Ark. Sup.Ct. R. 4-2(a)(5) (2009). In the instant case, Appellant challenges the sufficiency of the evidence supporting the decree. Yet, he fails to include a complete trial transcript in the record, and he fails to provide a proper abstract of the transcript[1] that includes all material parts of the testimony as are necessary to an understanding of all questions presented to our court for decision.

Under Arkansas Supreme Court Rule 4-2(a)(8), the addendum should include all documents essential to an understanding of the case:

Following the signature and certificate of service, the appellant's brief shall contain an Addendum which shall include true and legible photocopies of the order, judgment, decree, ruling, letter opinion, or Workers' Compensation Commission opinion from which the appeal is taken, along with any other relevant pleadings, documents, or exhibits essential to an understanding of the case and the Court's jurisdiction on appeal.... Depending upon the issues on appeal, the Addendum may include such materials as the following: a contract, will, lease, or any other document; proffers of evidence; jury instructions or proffered jury instructions; the court's findings and conclusions of law; orders; administrative law judge's opinion; discovery documents; requests for admissions; and relevant pleadings or documents essential to an understanding of the Court's jurisdiction on appeal such as the notice of appeal.

Ark. Sup.Ct. Rule 4-2(a)(8) (2009). In this case, neither the addendum nor the record includes documentary proof of the date when Appellant's complaint and first request for admissions were served on Appellee. Such proof of service is essential to an understanding of Appellant's first point on appeal.
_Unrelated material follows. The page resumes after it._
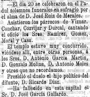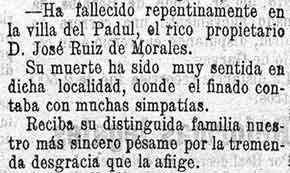 23 de noviembre de 1899. Muere en Padul José Ruiz Morales
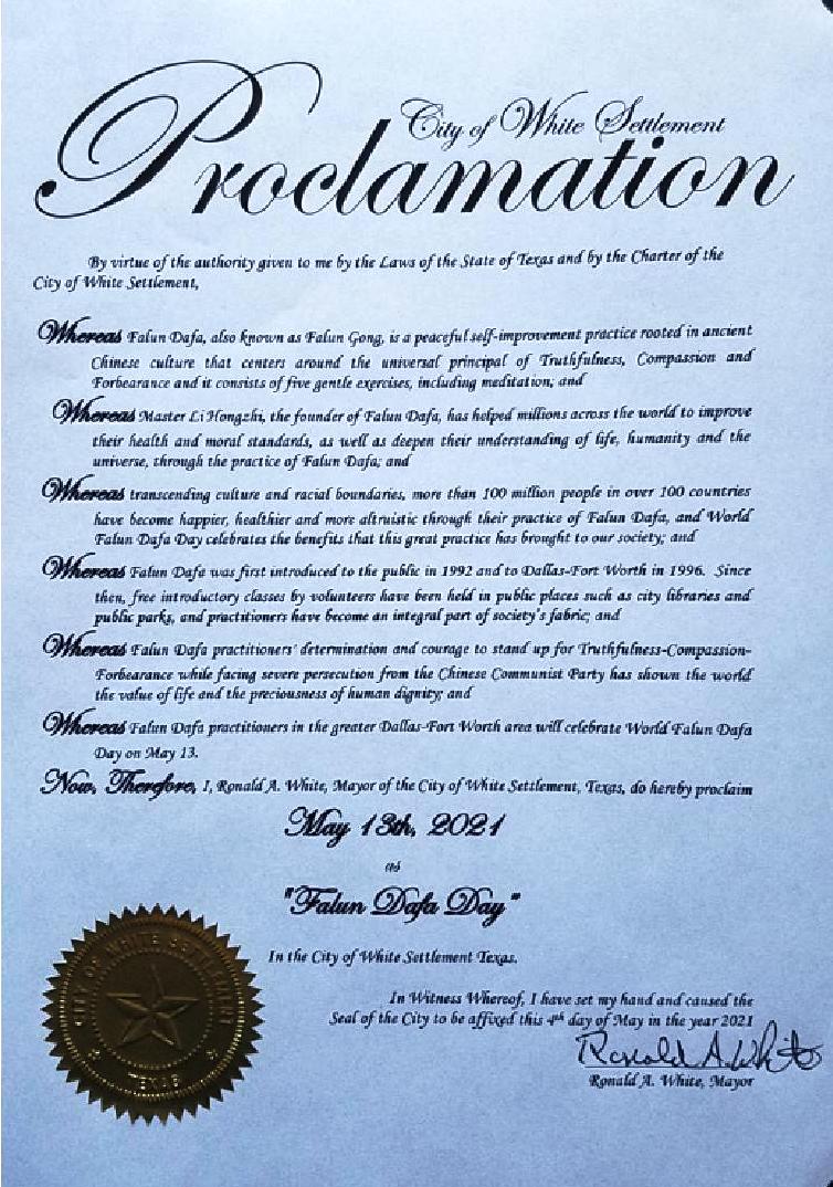 美国德州怀特塞特曼市(City of WhiteSettlement)宣布“法轮大法日”

Here, the notice of appeal did not make a request for the entire record of the proceedings below. As we stated in Gilbert v. Moore, 362 Ark. 657, 210 S.W.3d 125 (2005), pursuant to Ark. R.App. P.-Civ. 6(c), where the parties in good faith abbreviated the record by agreement or without objection from opposing parties, this court "shall not affirm or dismiss the appeal on account of any deficiency in the record without notice to the appellant and reasonable opportunity to supply the deficiency." Ark. R.App. P.-Civ. 6(c) (2009). Further, pursuant to Rule 6(e), this court can sua sponte direct the parties to supply any omitted material by filing a certified, supplemental record. Ark. R.App. P.-Civ. 6(e); Gilbert v. Moore, supra.

We recognize that the record presently before us is abbreviated due to the materials requested by Appellant in his notice of appeal and designation of the record. See, e.g., Selmon v. Metropolitan Life Ins. Co., 371 Ark. 306, 264 S.W.3d 547 (2007). Appellee failed to object to the abbreviated record and did not file a designation of any additional materials he believed should have been included in the record. Thus, Appellee tacitly consented to the record. See id. (citing Gilbert v. Moore, supra).

Pursuant to Ark. R.App. P.-Civ. 6(c) and (e), we order Appellant to supply this court *12 with a certified, supplemental record that includes a complete trial transcript and the proof of service referenced above (if part of the proceedings below), within sixty (60) days of the issuance of this opinion. Appellant is further ordered to file a substituted brief that includes an abstract of the complete trial transcript and an addendum as required by Ark. Sup.Ct. R. 4-2(a)(5) and (a)(8) (2009).

While examples of deficiencies in the abstract, addendum, and record are noted above, we encourage Appellant, prior to filing the substituted brief, to review our rules and his substituted brief to ensure that no additional deficiencies are present.

Rebriefing and supplemental record ordered.

NOTES

[1] In the abstracting of testimony, "the first person (i.e., "I") rather than the third person (i.e., "he, she") shall be used," and the "abstract or abridgement of the transcript should consist of an impartial condensation ... of the testimony of the witnesses and colloquies between the court and counsel and other parties...." Ark. Sup.Ct. R. 4-2(a)(5) (emphasis added). Thus, the abstract should be a condensed version of the transcript, not a verbatim copy.